Review | Alleged Witches – Initiation Rituals

The blurb of Initiation Rituals, Kristijan Kroupa’s third release for his Alleged Witches project, promises a sound which is “both singular and versatile” and an “exploration into deep, dark, club music.” Naturally, as a deep house enthusiast, I picked up the record and took it home for a listen. Alleged Witches is perhaps Kroupa’s most ambitious project, though he regularly produces deep house influenced techno as Christian Kroupa. As you read this review, check out Kroupa’s A Dangerous Game – it’s truly a banger.

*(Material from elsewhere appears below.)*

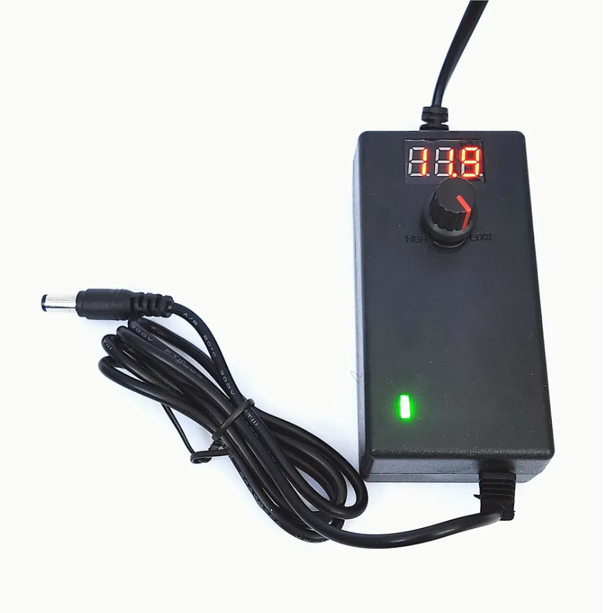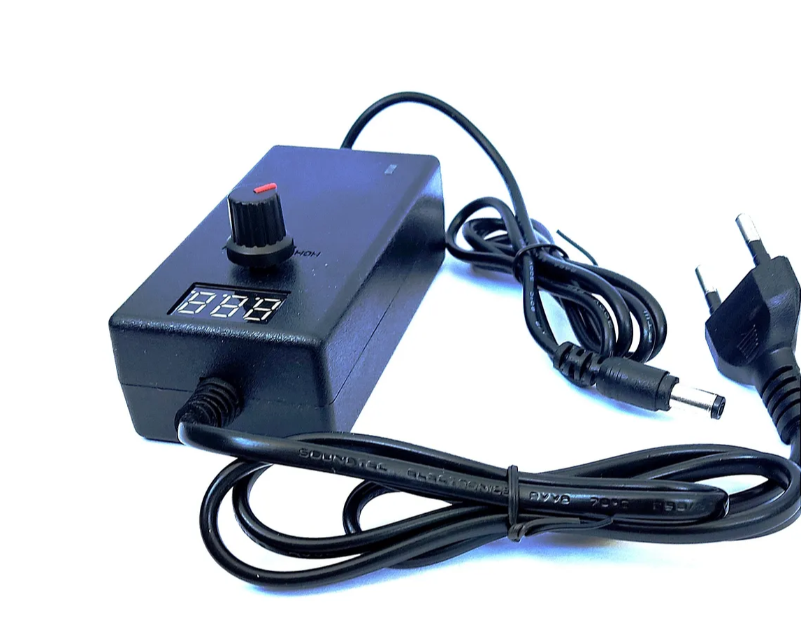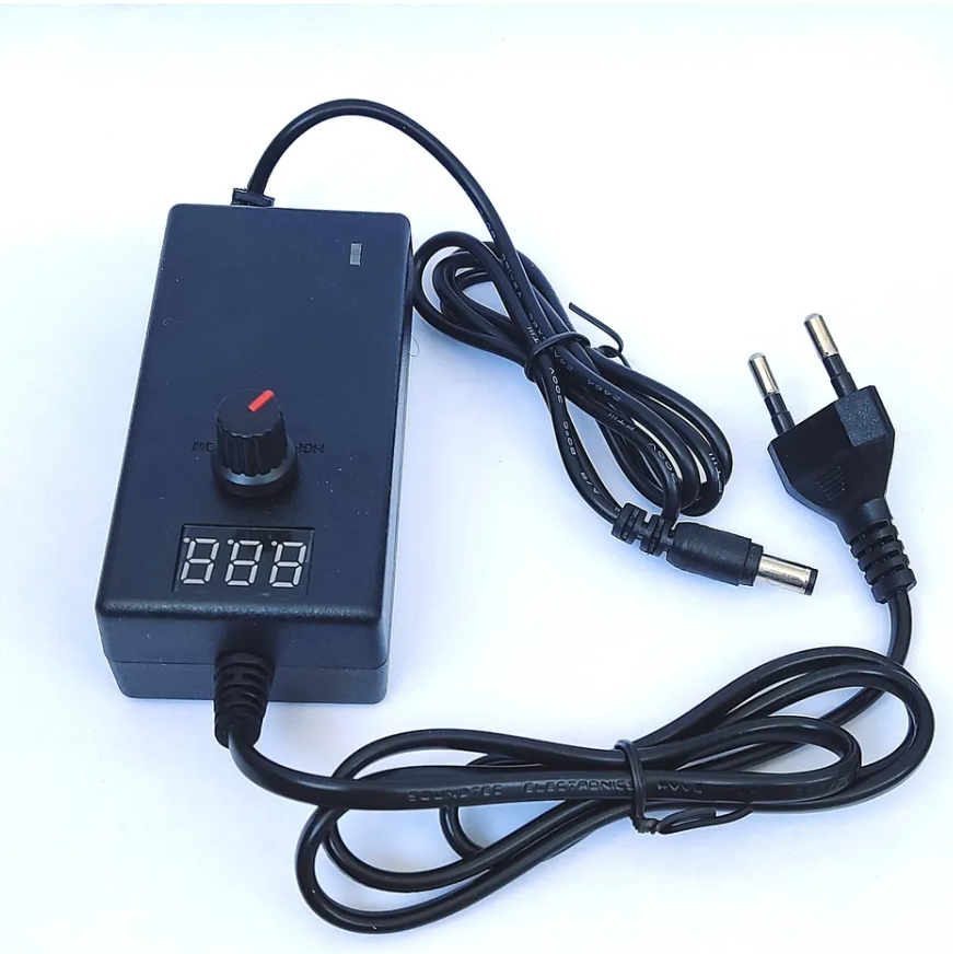 Универсальное устройство для питания бытовых электроприборов, оснащенное регулировкой напряжения. Регулятор и цифровой дисплей на корпусе адаптера позволяют вручную настроить выходное напряжение в пределах от 3 до 12В с шагом регулировки 0,1В. Максимальный выходной ток — 2А.

Almost immediately something was off with Initiation Rituals. It’s not the production, which is stellar (Kroupa uses no less than 50 distinct live samples for each Alleged witches track), but rather the choice of samples that is strange, and even uncomfortable considering the artist and audiences these tracks are produced for.

The vocabulary used to describe Alleged Witches hints at the project’s conceptual shortcomings and a tone-deafness to cultural appropriation within the larger electronic music community. Shape Platform has asked Kroupa about his interest in the “occult and mysterious.” SolvdMag has reviewed the album lauding the tracks as “ritualistic” with a “Voodoo vibe” and notes how “shakers and organic percussion [work] nicely with the jungle elements and female vocal[s] which brings deep house [into] the Amazon Forest.” It’s not as if Kroupa is working at the margins either – Alleged Witches has a previous released under a sub-label of R&S Records – whose artists include Aphex Twin, James Blake, and Oliver Tree.

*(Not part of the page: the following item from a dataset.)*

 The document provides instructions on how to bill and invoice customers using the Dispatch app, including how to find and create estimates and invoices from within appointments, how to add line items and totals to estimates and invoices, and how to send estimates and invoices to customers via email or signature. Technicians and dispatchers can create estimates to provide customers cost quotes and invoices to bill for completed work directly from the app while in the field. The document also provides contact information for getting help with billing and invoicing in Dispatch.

What exactly is so “occult” and “ritualistic” about Alleged Witches? And is the sound really so “singular” to merit a release on one of the world’s most influential contemporary electronic music labels? Does the usage of live congo and tom-tom percussive loops, pan-indigenous style vocal chants, and manipulated ambient rainforest sounds evoke a novel “ritualistic and Voodoo vibe” for mostly white European audiences and artists? When phrased this way, the project and its reception reflect racist tropes.  

So I was disappointed with Initiation Rituals, and disheartened to hear that Kroupa considers Alleged Witches his “priority project.” I do not mean to suggest that white European artists cannot be involved in the production of tribal house, but recent social reckonings have yet again reminded us that we need to hold ourselves to a higher standard. Sure, white Europeans should be able to help produce authentic tribal house but let’s do so in collaboration with the cultures from which the sounds find their origin.